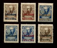4 р. + 4 р. /5000 руб. - серебряная и бронзовая надпечатки, 1 р. +1 р. /10 руб - бронзовая и золотая надпечатки, 2 р. + 2 р. / 250 руб. - простая и тонкая бумага. Без наклеек. На марку номиналом 5000 руб. с надпечаткой " 4 р. + 4 р. Филателия - трудя...
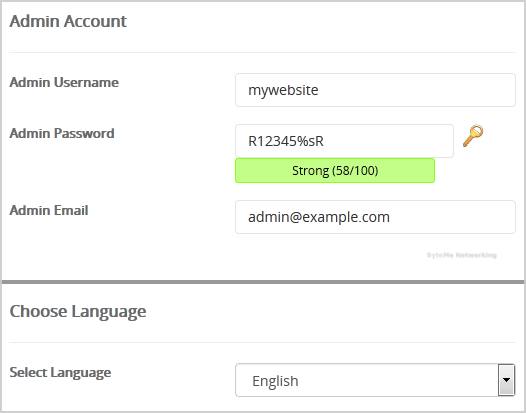 9. Under the "Admin Account" field enter the following information:
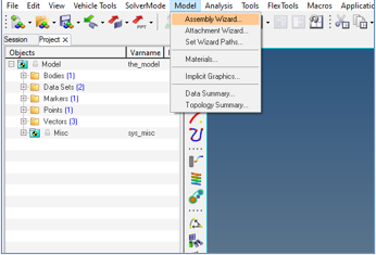 - ModelメニューからAssembly Wizardを選択します。
^^^^
> _Problem to solve_
Return all of the material above unchanged, minus its pictures.

> _The completed task_
4 р. + 4 р. /5000 руб. - серебряная и бронзовая надпечатки, 1 р. +1 р. /10 руб - бронзовая и золотая надпечатки, 2 р. + 2 р. / 250 руб. - простая и тонкая бумага. Без наклеек. На марку номиналом 5000 руб. с надпечаткой " 4 р. + 4 р. Филателия - трудя...
 9. Under the "Admin Account" field enter the following information:
 - ModelメニューからAssembly Wizardを選択します。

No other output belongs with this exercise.